PVT and vSub dynamics during conflict. a, AAV encoding gCaMP7F targeted to PVT or vSub. Fiber optic cannula implanted above injection site. Representative gCaMP7 expression and all fiber optic tip locations (white bars) in vSub and PVT. Distances in millimeters from bregma. Illustration from www.biorender.com. b, Mean %DF/F across the track in 5 cm blocks during conflict (PVT n = 6, vSub n = 5). c, Mean and SEM %DF/F for start, mid, and goal zone locations (excluding start and Goal boxes). d, Mean and SEM %DF/F at pause onset (0 s) across the track. Colored bars represent periods when 95% CI does not include 0% DF/F. e, Mean and SEM %DF/F at pause offset (0 s) by decision outcome at Start zone. f, PVT mean and SEM %DF/F at pause onsets by location. Colored bars represent periods when 95% CI does not include 0% DF/F. Gray bar represents significant difference between approach versus avoid via 95% CI. g, Relationship between LBA parameters for approach (reward salience), avoid (danger salience), response caution, and mean %DF/F during pauses across track zones fitted by individual mouse (colored points and lines) and overall (black dotted line) with overall R2. Right, Box plots of individual mouse correlation coefficients between LBA parameters and DF/F in vSub and PVT. h, Linear model of PVT Ca2+ transients from LBA parameters. *p < 0.05.

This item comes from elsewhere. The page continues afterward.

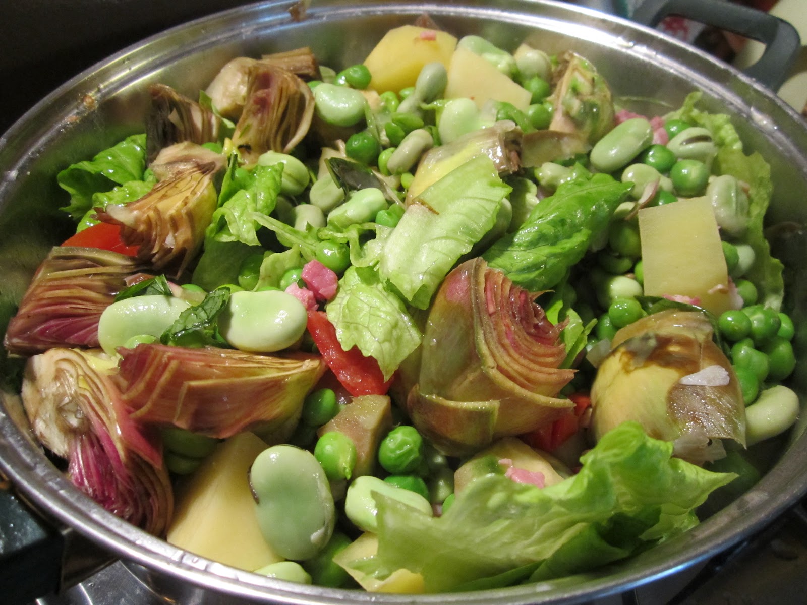 Cuocere tutto con 4 bicchieri d'acqua, a fine cottura inserire in un nido tra la verdura 1 uovo a persona e lasciarlo cuocere circa 7 o 8 min

vSub DF/F was observed across the track (Fig. 3b), with DF/F increasing as mice approached the dangerous goal (Fig. 3b,c) (repeated-measures ANOVA F(2,12) = 7.51 p = 0.0077; vs 0% DF/F - start: t(4) = 3.620 p = 0.0224; mid t(4) = 9.147 p = 0.0008; goal t(4) = 6.413 p = 0.0030). vSub DF/F also increased before and during individual approach–avoid decisions across the track (Fig. 3d; 95% CIs). vSub DF/F in start zone depended on choice outcome, remaining elevated if mice chose to approach the dangerous goal but not if they chose avoidance to the safety of the Start box (Fig. 2e; 95% CIs).

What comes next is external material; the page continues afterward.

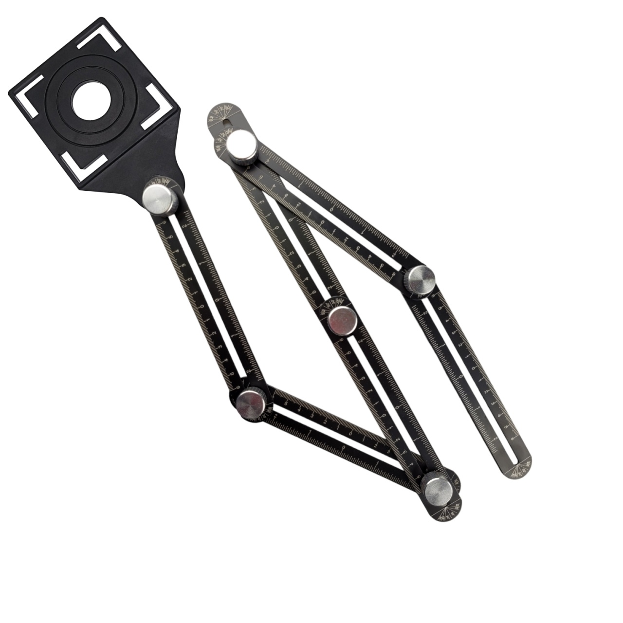 Строительная многоугловая измерительная линейка или шаблон плиточника 6х6см с направляющей для сверления имеет легкую и долговечную конструкцию, а также двустороннюю шкалу сантиметры и дюймы, которая позволяет использовать инструмент во многих сценариях, как линейку столяра, плиточника, мебельщика. Алюминиевые винты надежно фиксируют ее в сложенном положении и позволяют копировать отверстия на плитку любые иные поверхности легко и быстро.

In contrast, PVT DF/F showed a spatial bias, with significant increases in DF/F only at the goal zone (Fig. 3b,c) (repeated-measures ANOVA, F(2,15) = 40.62, p < 0.0001; vs 0% DF/F - start: t(5) = 1.645, p = 0.1608; mid t(5) = 1.397, p = 0.2212; goal t(5) = 9.722, p = 0.002). PVT DF/F was unrelated to individual approach–avoid decisions if spatial location was ignored (Fig. 3d; 95% CIs). Unlike vSub, PVT DF/F after choices in the start zone did not differentiate between approach decisions to stay on the track versus avoid decisions to return to the safety of the Start box (Fig. 3e; 95% CIs). Instead, PVT DF/F selectively increased during approach–avoid decisions at the goal zone (Fig. 3f; 95% CIs) but not elsewhere on the track, and there were significant reductions in DF/F during approach–avoid decisions at the start zone.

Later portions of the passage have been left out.